Self-supervised learning improves robustness of deep learning lung tumor segmentation to CT imaging differences
Jue Jiang, Aneesh Rangnekar, Harini Veeraraghavan
TL;DR
This study investigates how wild-pretraining versus self-pretraining affects robustness in CT-based lung tumor segmentation across ViT, Swin, and CNN architectures.

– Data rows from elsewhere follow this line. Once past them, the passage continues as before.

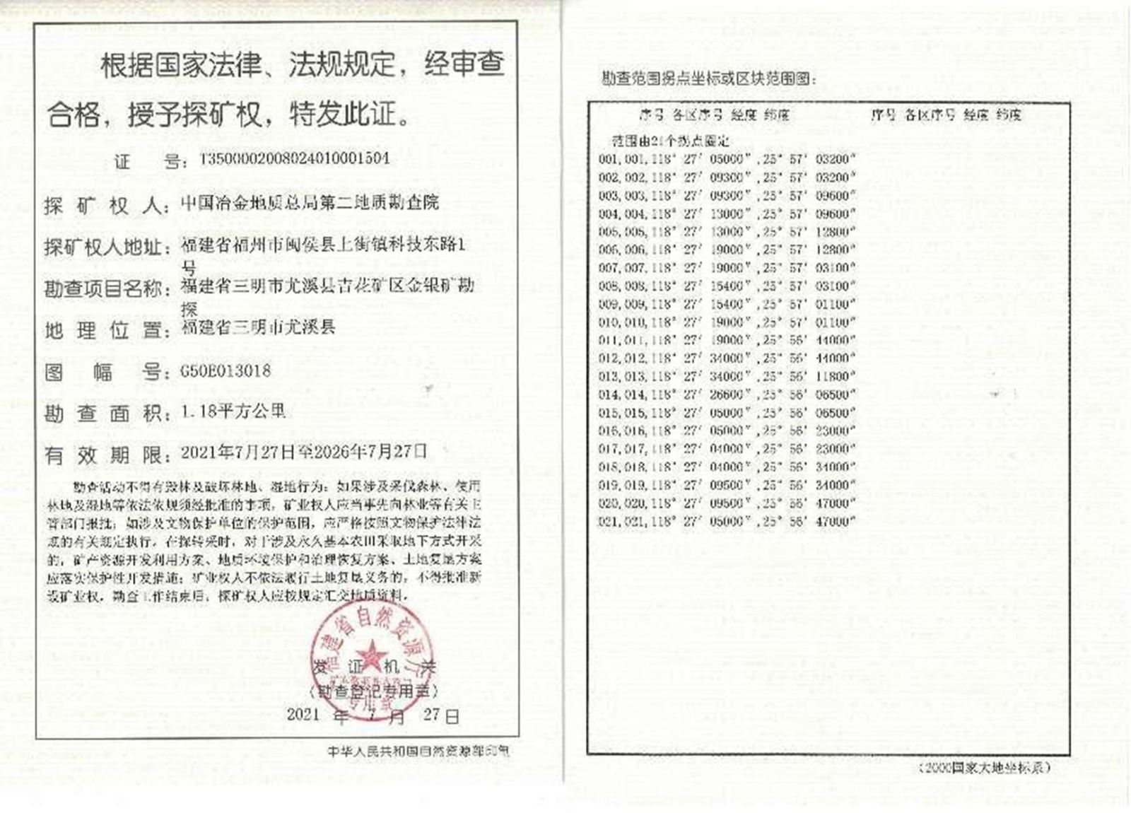 后经多次调整和勘查延续,现有吉花矿权勘查名称变更为“福建省三明市尤溪县吉花矿区金银矿勘探”,由福建省自然资源厅于2021年7月27日颁发,矿产勘查资源许可证号为:T3500002008024010001504,勘查区块范围坐标由21个坐标拐点圈定(详见附件勘查许可证)。有效期至2026年7月27日,面积1.18平方公里,勘查矿种为金银矿。
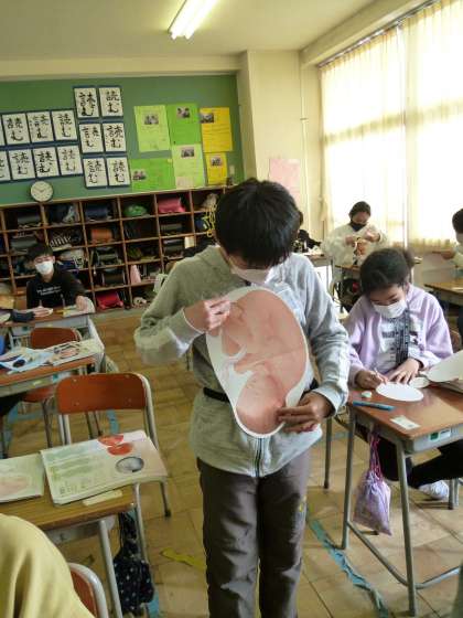 今日は、お母さんの子宮の中でどのように大きくなっていくかを考えました。
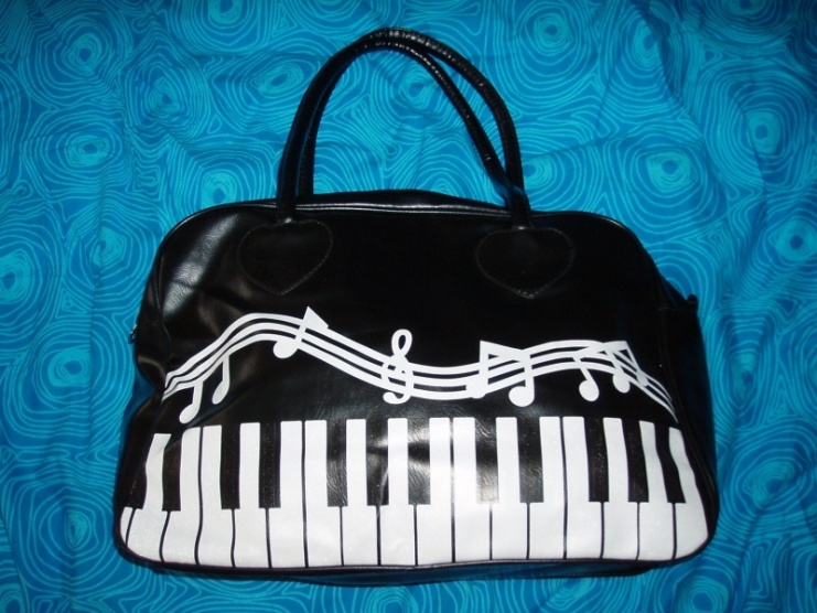 Úplně nová taška. Dostala jsem ji darem,ale nevyužiju ju,tak posílám dál. Rozměry 40x27x12 cm.Celočerná, na přední straně motiv klavíru a noty. Uvnitř velká kapsa na zip, dále malá kapsička na zip a na mobil.Vzadu další malá kapsična na zip.
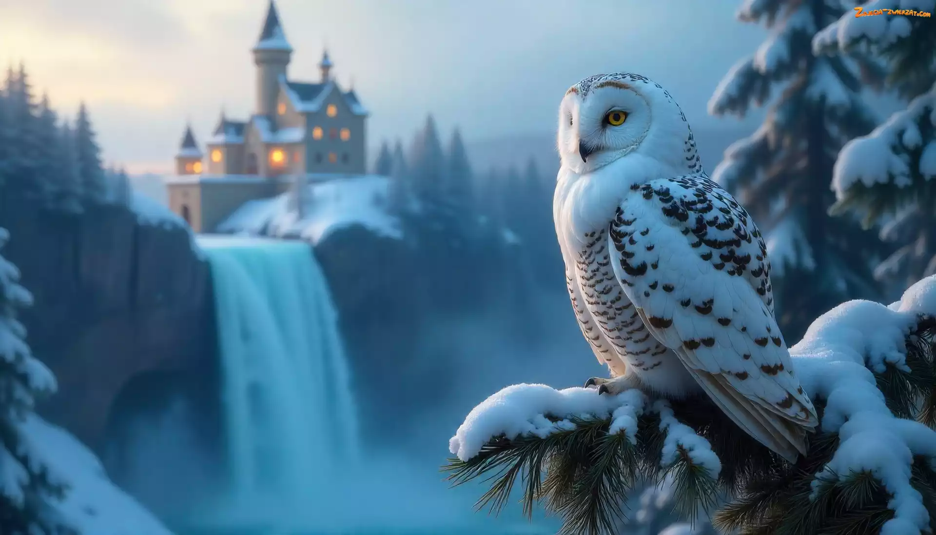 Zdjęcie: Sowa śnieżna, Świerk, Wodospad Grafika AI, Zamek

It finds that wild-pretraining, particularly with the Swin Transformer, yields superior robustness to imaging differences (contrast, kernel, slice thickness) and improves segmentation accuracy, while the SMIT pretext task combination (MIP+ITD+MPD) most consistently enhances performance. The work connects improved accuracy to distinct feature reuse patterns revealed by $CKA$, showing wild-pretraining increases lower-layer reuse and creates greater differentiation near output layers after fine-tuning. Overall, wild-pretrained Swin models offer the strongest generalization to heterogeneous CT data, with promising implications for cross-institutional clinical deployment of lung-tumor segmentation tools.
Abstract
Self-supervised learning (SSL) is an approach to extract useful feature representations from unlabeled data, and enable fine-tuning on downstream tasks with limited labeled examples. Self-pretraining is a SSL approach that uses the curated task dataset for both pretraining the networks and fine-tuning them. Availability of large, diverse, and uncurated public medical image sets provides the opportunity to apply SSL in the "wild" and potentially extract features robust to imaging variations. However, the benefit of wild- vs self-pretraining has not been studied for medical image analysis. In this paper, we compare robustness of wild versus self-pretrained transformer (vision transformer [ViT] and hierarchical shifted window [Swin]) models to computed tomography (CT) imaging differences for non-small cell lung cancer (NSCLC) segmentation. Wild-pretrained Swin models outperformed self-pretrained Swin for the various imaging acquisitions. ViT resulted in similar accuracy for both wild- and self-pretrained models. Masked image prediction pretext task that forces networks to learn the local structure resulted in higher accuracy compared to contrastive task that models global image information. Wild-pretrained models resulted in higher feature reuse at the lower level layers and feature differentiation close to output layer after fine-tuning. Hence, we conclude: Wild-pretrained networks were more robust to analyzed CT imaging differences for lung tumor segmentation than self-pretrained methods. Swin architecture benefited from such pretraining more than ViT.